(TASK BRIEF) Exact repetition of a range: find the line containing "On January 6, the" and the line containing "上午9時,陽春海創公司生產作" in the material below, then repeat both and all lines between them, leaving pictures out.

(RECORDED DATA)
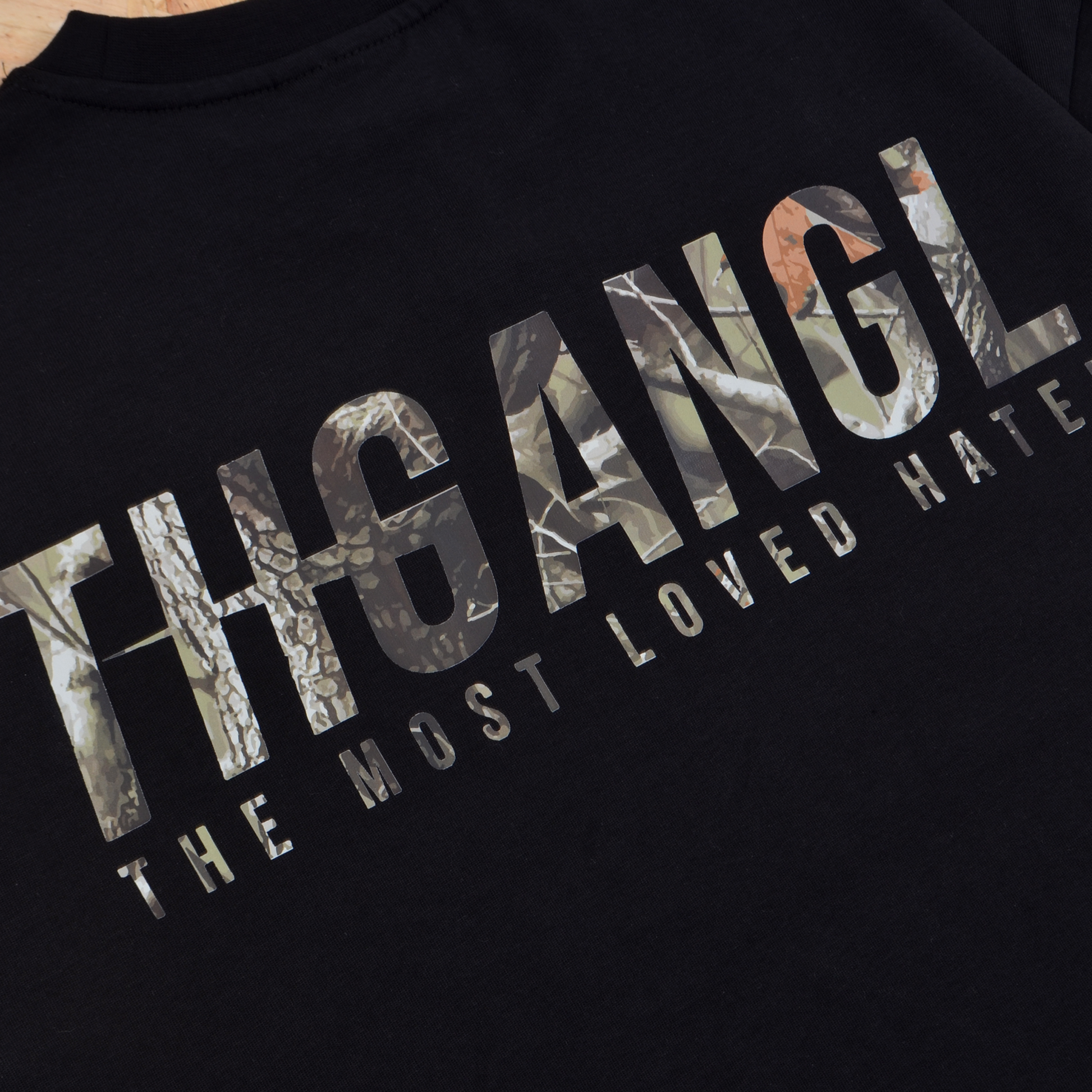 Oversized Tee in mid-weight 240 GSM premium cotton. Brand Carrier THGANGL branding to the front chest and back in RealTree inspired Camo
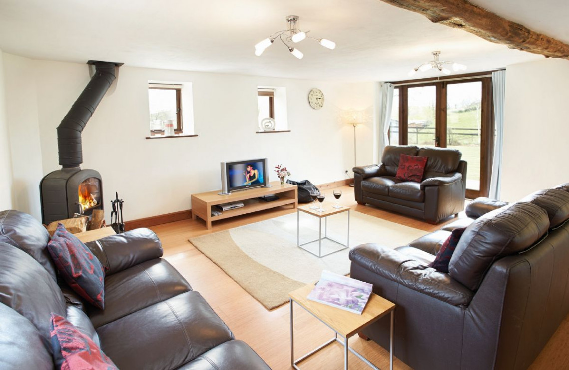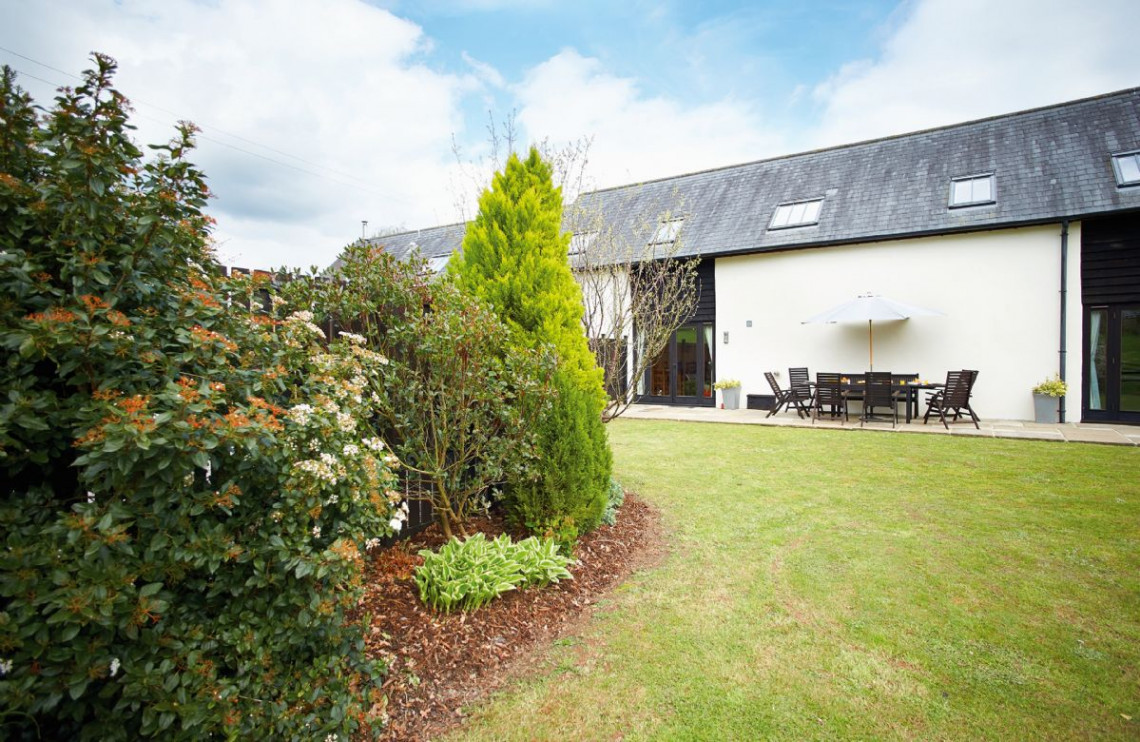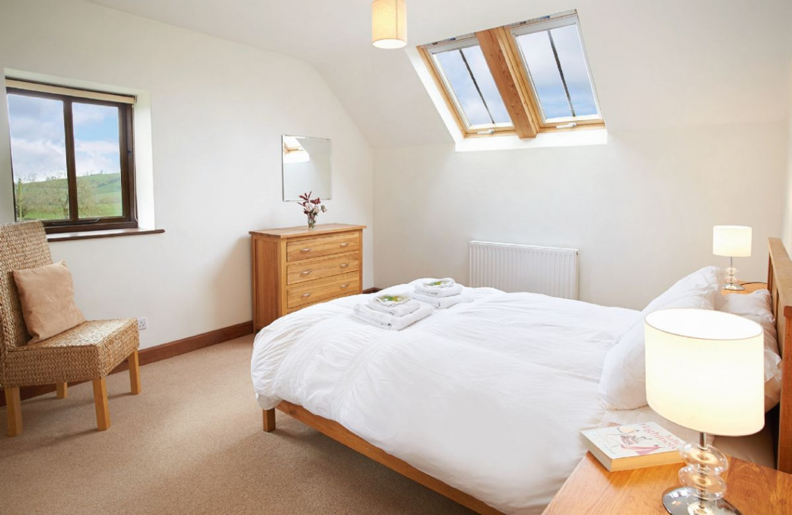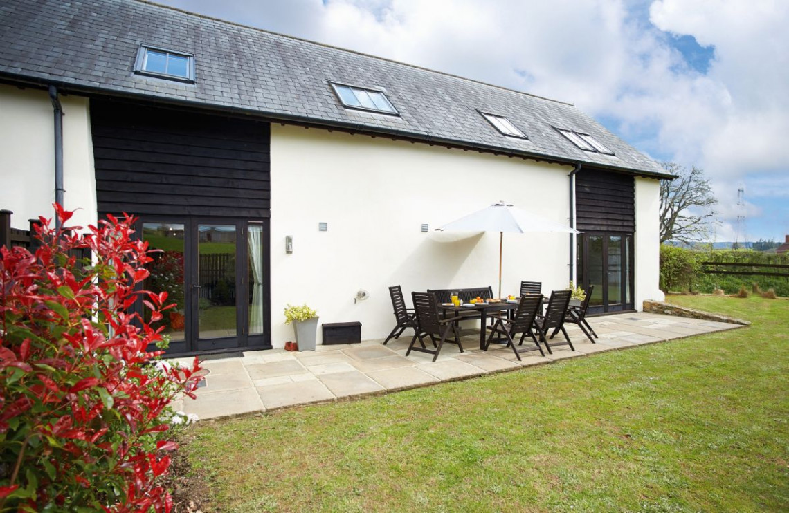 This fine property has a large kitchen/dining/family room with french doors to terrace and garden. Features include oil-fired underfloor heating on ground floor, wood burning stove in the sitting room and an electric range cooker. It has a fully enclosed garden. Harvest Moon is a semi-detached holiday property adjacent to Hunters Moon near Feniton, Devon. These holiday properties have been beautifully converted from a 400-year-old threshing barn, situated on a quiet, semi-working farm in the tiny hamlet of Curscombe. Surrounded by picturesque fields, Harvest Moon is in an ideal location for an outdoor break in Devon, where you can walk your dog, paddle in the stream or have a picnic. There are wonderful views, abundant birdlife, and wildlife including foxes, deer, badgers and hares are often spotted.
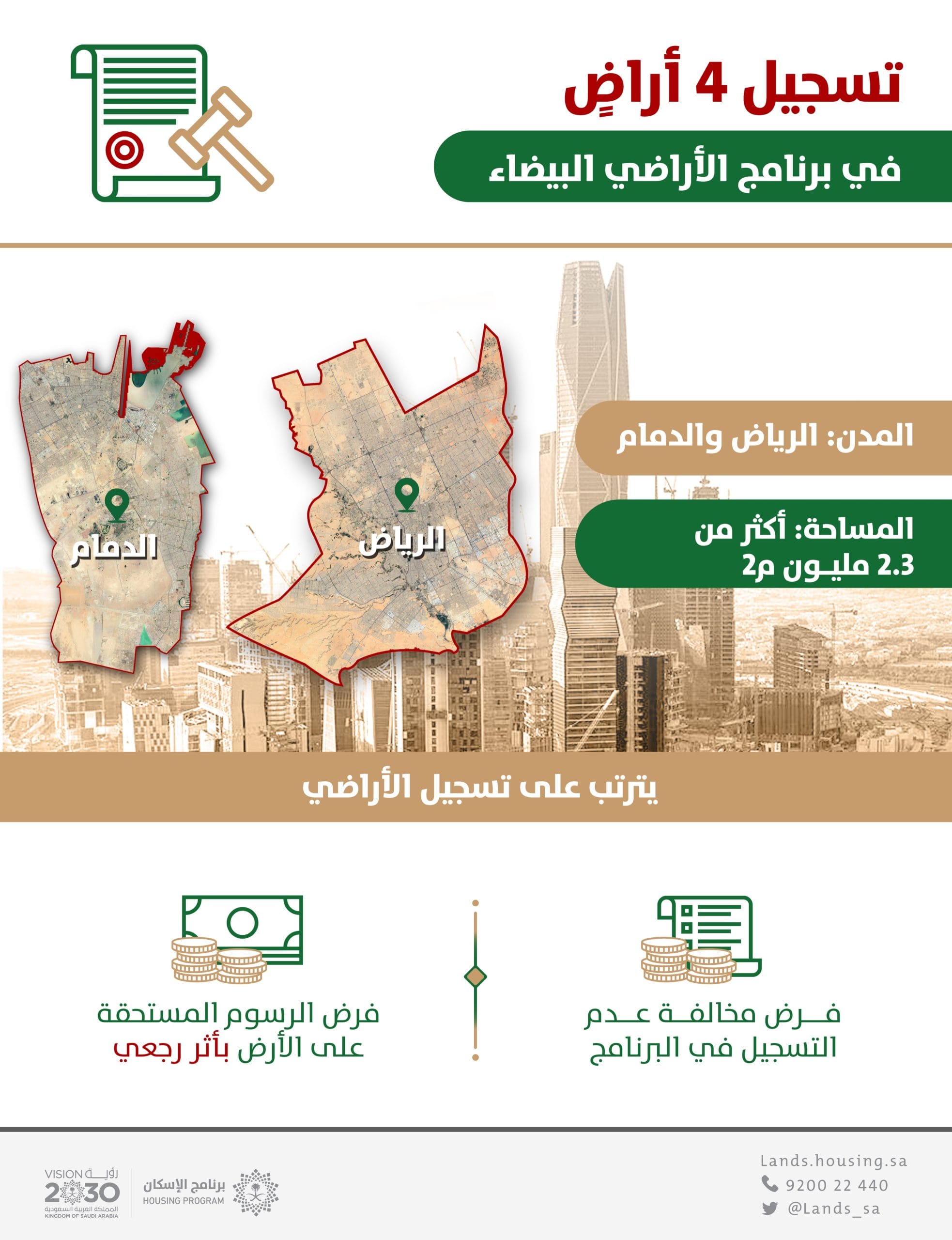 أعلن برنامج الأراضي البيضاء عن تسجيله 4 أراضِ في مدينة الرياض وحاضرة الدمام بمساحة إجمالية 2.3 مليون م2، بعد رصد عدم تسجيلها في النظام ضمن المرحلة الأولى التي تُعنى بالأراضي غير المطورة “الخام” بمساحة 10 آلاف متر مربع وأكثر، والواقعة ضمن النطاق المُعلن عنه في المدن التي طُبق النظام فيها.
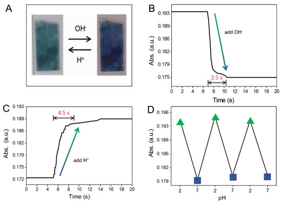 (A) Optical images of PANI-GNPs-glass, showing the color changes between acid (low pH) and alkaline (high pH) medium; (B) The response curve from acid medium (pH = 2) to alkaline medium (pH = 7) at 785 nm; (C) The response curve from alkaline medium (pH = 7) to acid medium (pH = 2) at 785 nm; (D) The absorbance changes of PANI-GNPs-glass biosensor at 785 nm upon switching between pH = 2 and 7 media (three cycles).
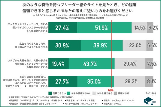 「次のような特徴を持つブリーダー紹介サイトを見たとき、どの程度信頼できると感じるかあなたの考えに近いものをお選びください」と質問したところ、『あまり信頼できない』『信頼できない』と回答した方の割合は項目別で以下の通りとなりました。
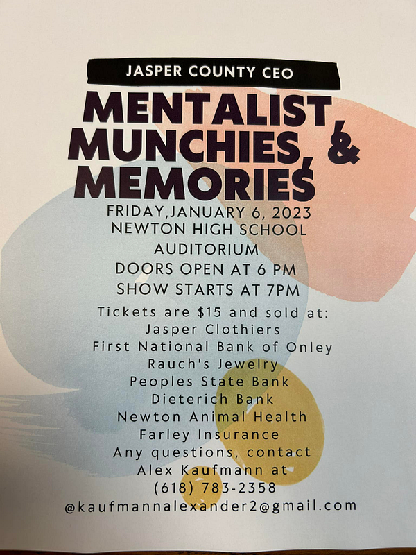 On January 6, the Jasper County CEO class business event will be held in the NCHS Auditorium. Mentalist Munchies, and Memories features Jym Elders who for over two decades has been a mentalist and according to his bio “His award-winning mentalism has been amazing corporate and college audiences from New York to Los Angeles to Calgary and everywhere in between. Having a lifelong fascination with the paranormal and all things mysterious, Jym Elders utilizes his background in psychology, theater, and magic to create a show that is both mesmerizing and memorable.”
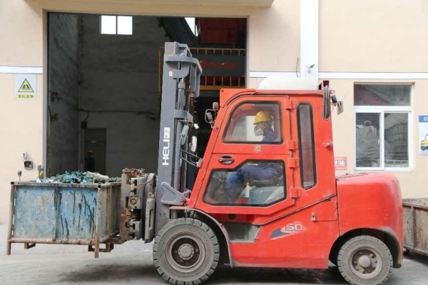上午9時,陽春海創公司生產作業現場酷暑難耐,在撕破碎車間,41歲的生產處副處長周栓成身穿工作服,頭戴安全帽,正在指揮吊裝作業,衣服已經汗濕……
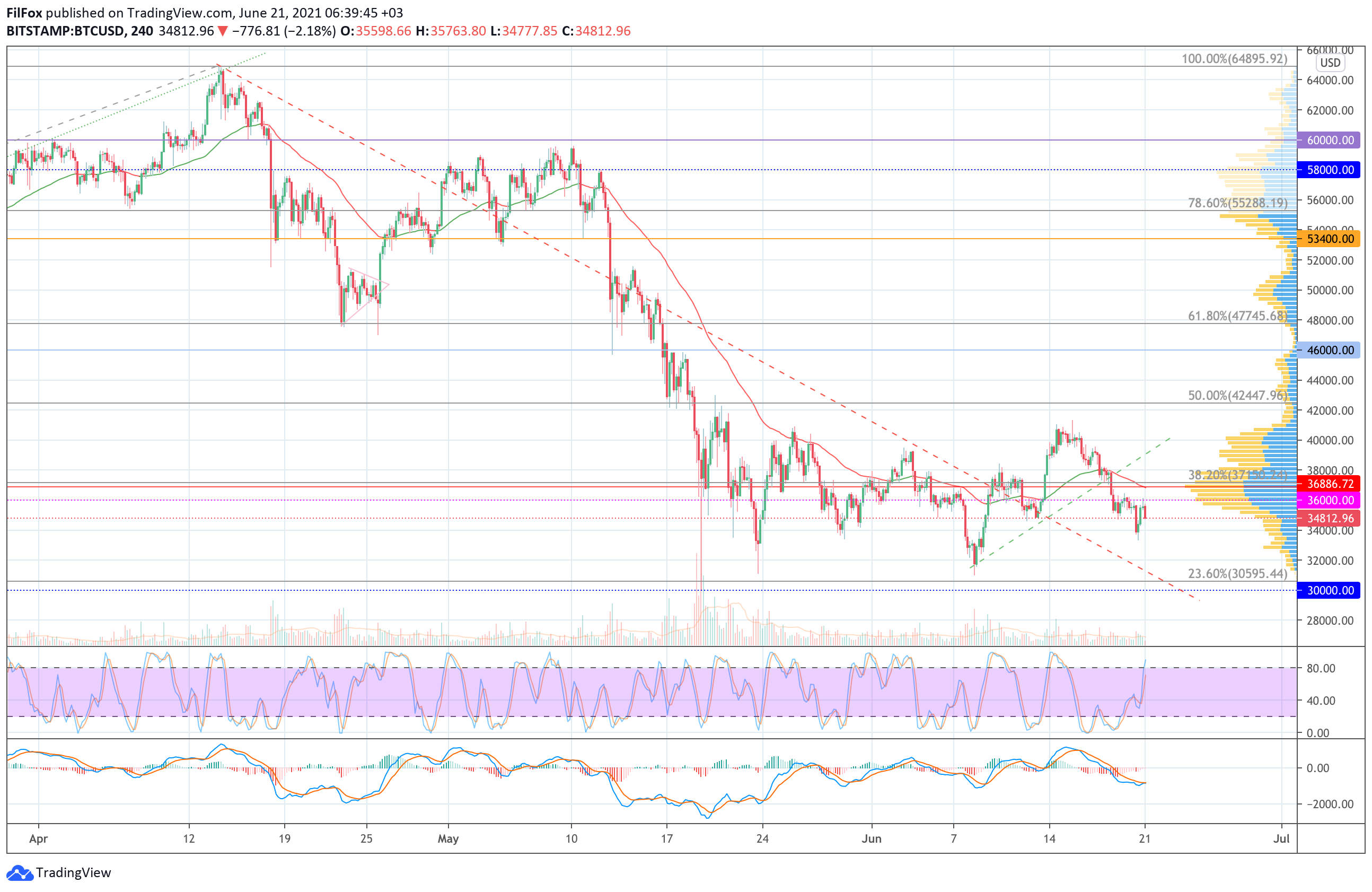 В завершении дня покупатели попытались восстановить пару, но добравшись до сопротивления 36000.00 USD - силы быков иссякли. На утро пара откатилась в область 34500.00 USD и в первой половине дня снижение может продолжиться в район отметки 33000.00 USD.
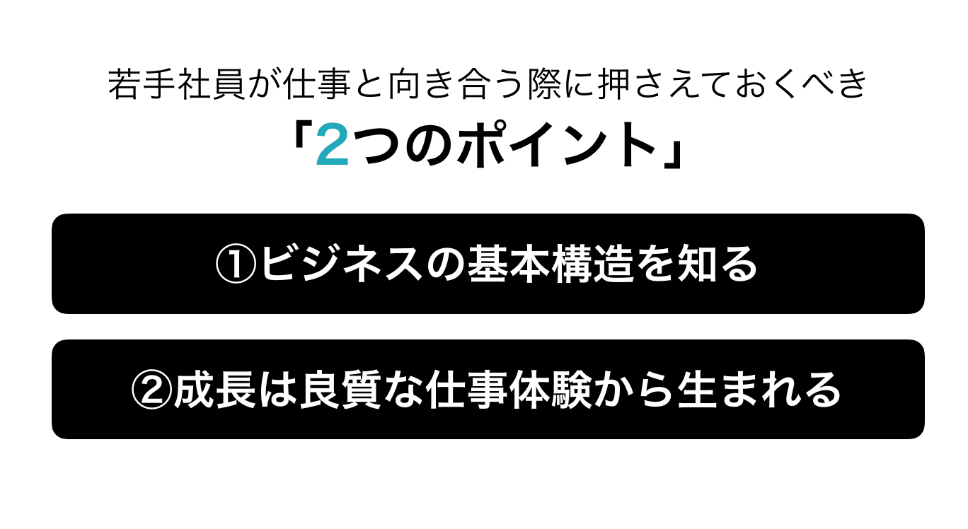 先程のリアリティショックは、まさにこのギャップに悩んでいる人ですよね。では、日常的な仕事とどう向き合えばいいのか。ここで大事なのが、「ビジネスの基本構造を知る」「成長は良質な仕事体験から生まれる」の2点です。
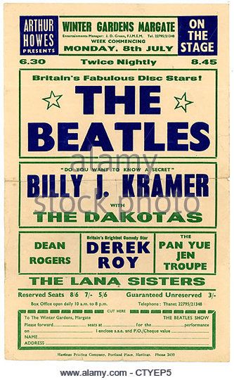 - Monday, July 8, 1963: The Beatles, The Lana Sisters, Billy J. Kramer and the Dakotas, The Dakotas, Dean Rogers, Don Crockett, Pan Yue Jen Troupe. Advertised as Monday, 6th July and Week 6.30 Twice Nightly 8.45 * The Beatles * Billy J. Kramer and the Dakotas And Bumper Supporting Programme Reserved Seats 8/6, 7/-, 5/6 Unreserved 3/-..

(WRITTEN ANSWER)
 On January 6, the Jasper County CEO class business event will be held in the NCHS Auditorium. Mentalist Munchies, and Memories features Jym Elders who for over two decades has been a mentalist and according to his bio “His award-winning mentalism has been amazing corporate and college audiences from New York to Los Angeles to Calgary and everywhere in between. Having a lifelong fascination with the paranormal and all things mysterious, Jym Elders utilizes his background in psychology, theater, and magic to create a show that is both mesmerizing and memorable.”
上午9時,陽春海創公司生產作業現場酷暑難耐,在撕破碎車間,41歲的生產處副處長周栓成身穿工作服,頭戴安全帽,正在指揮吊裝作業,衣服已經汗濕……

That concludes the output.